Token Triage
Policy-driven model routing evaluated per request before invocation.
Problem
Teams default to expensive models (GPT-4o, Claude Opus) for every request because manual routing is error-prone. Baseline cost with always-on GPT-4: $0.03 per request average. Simple queries waste 80% of token budget. Complex queries hit rate limits without fallback. No deterministic cost ceiling.
Neusnap Behavior
Routing happens before model invocation. Neusnap evaluates routing policy constraints (cost ceiling, latency target, quality threshold) and selects the cheapest model that satisfies all constraints. If the primary model fails or violates constraints, fallback occurs within the same transaction. Cache hits bypass routing entirely—no model is invoked.
Guaranteed
- →Cost ceiling enforced per request (hard limit, not advisory)
- →Fallback respects quality threshold—no silent downgrades
- →Cached results prevent duplicate spend (cache key = semantic hash of prompt + params)
- →Routing decision logged for audit trail
NOT Guaranteed
- × Semantic quality equivalence across models (GPT-4 ≠ Claude Opus output)

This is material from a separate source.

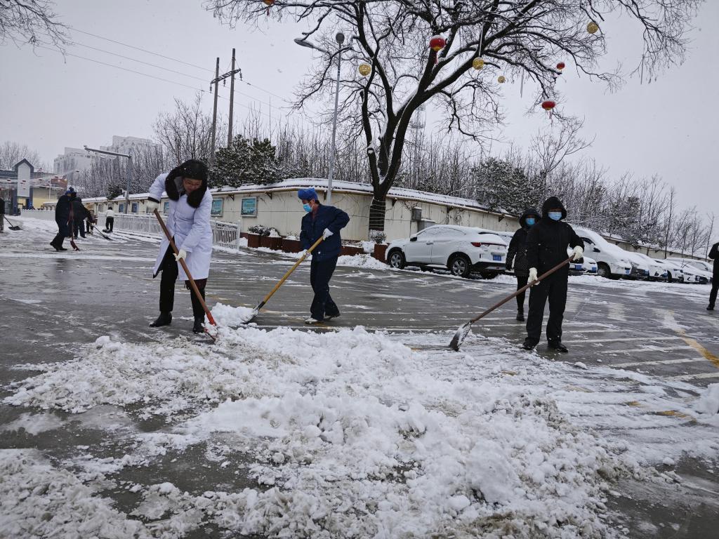 大家顾不上刺骨的风雪,拎上雪具,挥揪铲雪,分头行动,在医院大门口、门诊楼、病区楼、医技楼、患者餐厅门口、院内外停车场、职工家属院大门口等处,你一铁锹我一铁铲,忙得不亦乐乎,经过一个多小时的全力清扫,院区公共场合所有人行通道的积雪基本清理完毕,人员、车辆出行畅通,井然有序。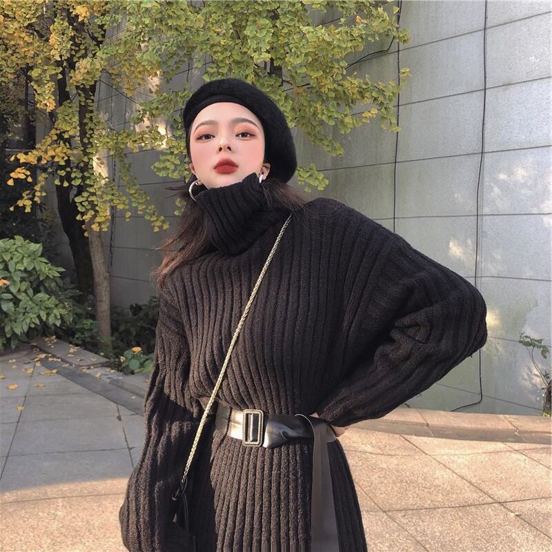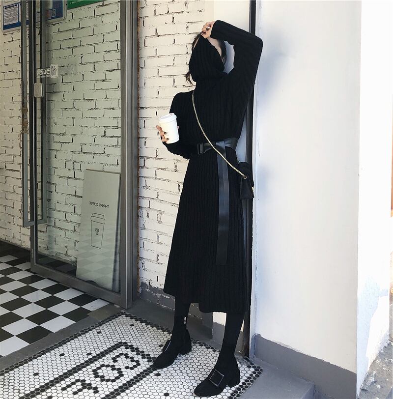 2021年秋のタートルネックミドル丈セータードレスワイルドな女性用オーバーコート、ベルト付きブラックスリムロングニットドレス オータム 秋物 ハーネス Rhc79325350334

- × Identical reasoning depth across models
- × Sub-100ms routing overhead under extreme load
- × Fallback if all models in policy chain are unavailable (request fails)
Example Policy
{
"routingPolicy": {
"primary": "openai/gpt-4o-mini", // evaluated first
"fallback": [
"anthropic/claude-3-haiku", // if primary fails or violates cost
"local/llama-3-8b" // final fallback
],
"constraints": {
"maxCostPerRequest": 0.01, // enforced before invocation
"maxLatencyMs": 2000, // provider timeout
"minQualityScore": 0.85 // blocks downgrade if score < threshold
},
"cache": {
"enabled": true,
"ttl": 3600, // cache invalidation after 1 hour
"keyStrategy": "semantic" // hash prompt + params, not raw string
}
}
}Measured Results
Measured against always-on GPT-4 baseline under mixed workload (10k requests, 70% simple queries, 20% medium, 10% complex).